By securing inclusion in policy frameworks informed by the BCBSA, Kerecis has unlocked a cascading effect. As individual Blue Cross Blue Shield plans—which collectively represent over 30 independent health insurers—begin adopting these updated policies, access will continue to multiply. This is strategically amplified by the growing enrollment in Medicare Advantage plans, which now cover over half of the Medicare population and often align their coverage criteria with their parent organization's commercial policies. In essence, a single commercial policy win can create a ripple effect, opening doors across both private and government-sponsored insurance segments.

This strategic foresight has positioned Kerecis as one of the top-two widest covered skin substitutes for diabetic foot ulcers, a remarkable achievement for a company leveraging a resource as unconventional as North Atlantic cod.

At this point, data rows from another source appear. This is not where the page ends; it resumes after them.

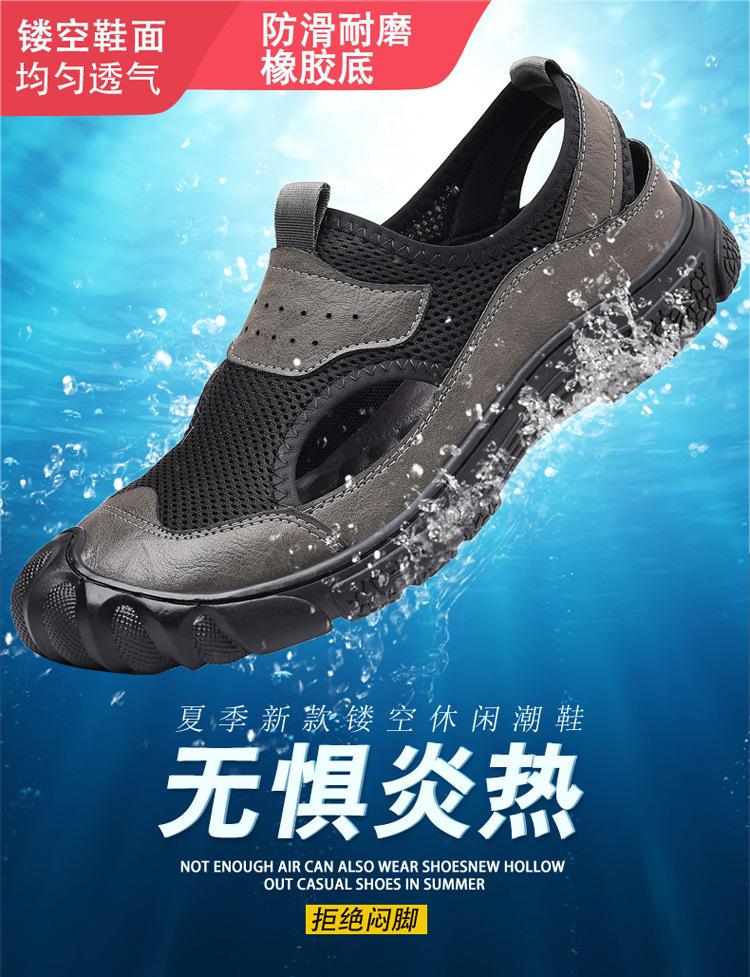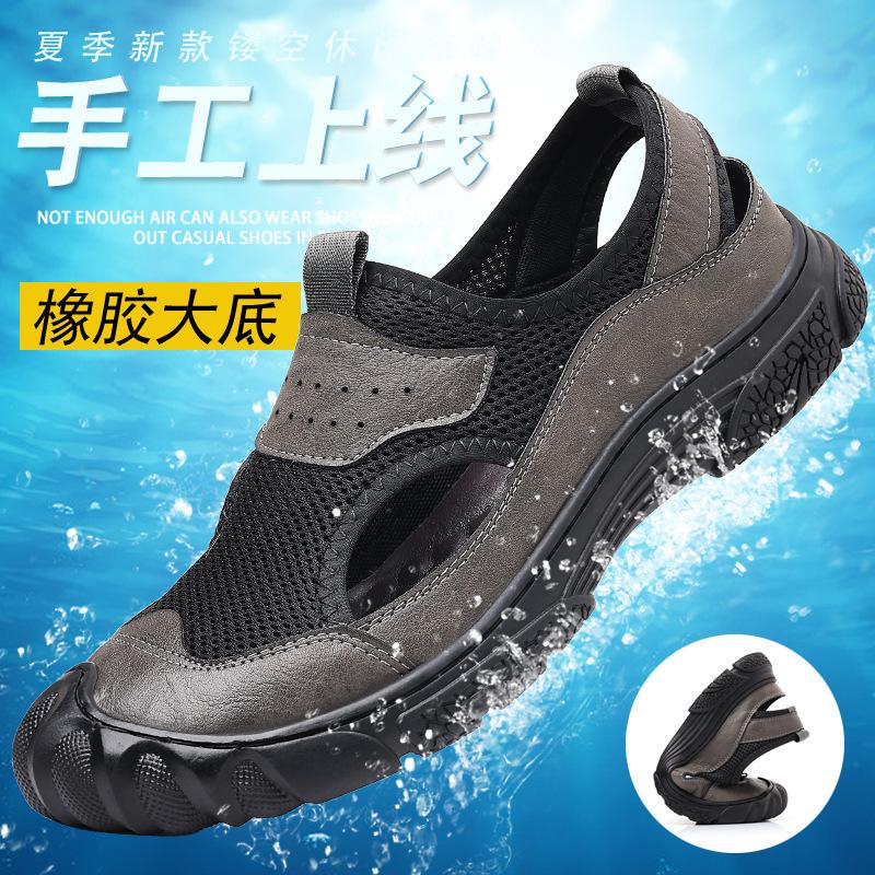 2025 летняя новая мужская повседневная обувь мужская ручная работа онлайн полые дышащие кожаные сандалии кожаные сетчатые туфли 0938
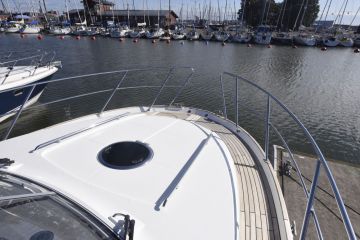 Satamamanöövereissä akselivetoinen 320 ACC tuntuu äkkiseltään kankealta, mutta tilanne muuttuu täysin, kun lisävarustelistalta ruksaa vakiovarusteisiin kuuluvan keulapotkurin pariksi perän ohjailupotkurin. Sen jälkeen Marex pyörii vaikka paikallaan ja on vaivaton veivata ahtaaseenkin väliin.
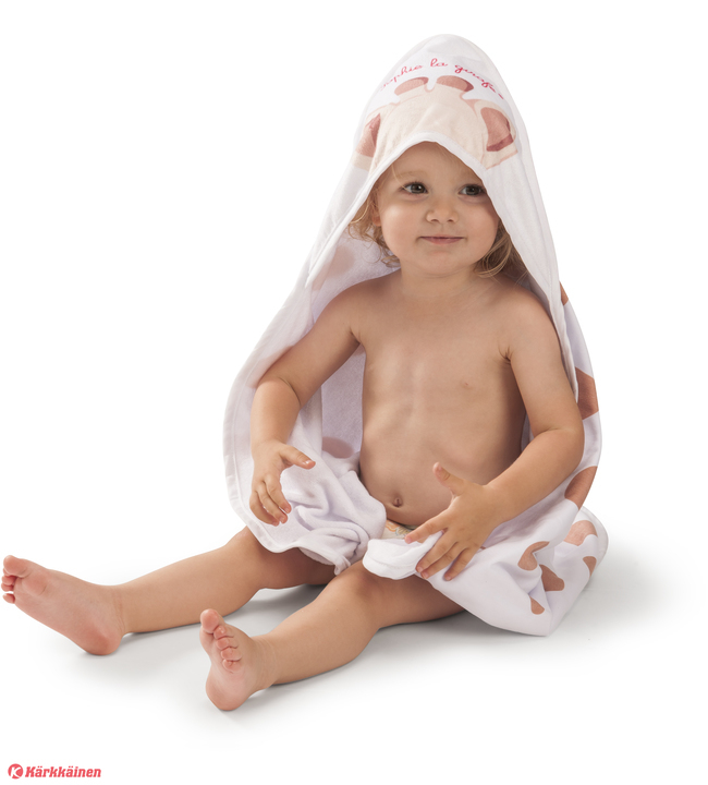Благодаря удобному уголку-капюшону, полотенце не будет спадать с малыша, в него можно укутать малыша после купания.

From Icelandic Waters to a Market Leader

Kerecis’s core innovation lies in its unique biological material and proprietary processing. Sourced from sustainably managed Icelandic fisheries, the skin of the Atlantic cod is remarkably similar in structure to human skin. Unlike mammalian-based products, which carry a risk of viral or prion disease transmission and often require harsh chemical processing that strips away natural components, Kerecis’s material is only gently processed.

This gentle method, which uses renewable energy, preserves the fish skin's complex, three-dimensional architecture, natural strength, and beneficial molecules, including omega-3 fatty acids. When grafted onto a wound, this intact structure provides a scaffold for the patient's own cells to infiltrate and regenerate new, healthy tissue. It effectively serves as a blueprint for healing.

This technological advantage has allowed Kerecis to become the fastest-growing company in the U.s. xenograft biologics market. Its success was further bolstered by recent decisions from the Centers for Medicare & Medicaid Services (CMS). In late 2024, CMS confirmed Medicare coverage for Kerecis products for DFUs while simultaneously removing 189 other products from its covered list, effectively clearing the competitive field and rewarding companies with robust clinical backing. This regulatory tailwind, combined with the new commercial and Medicaid coverage, creates a powerful engine for market share expansion.

Kerecis's journey from a novel concept in Reykjavik to a market leader, now part of the global healthcare giant Coloplast, is a case study in strategic growth. By marrying a unique, sustainable technology with a disciplined, evidence-driven approach to market access, the company has not only built a strong business but has also fundamentally improved the standard of care for patients with the most challenging wounds.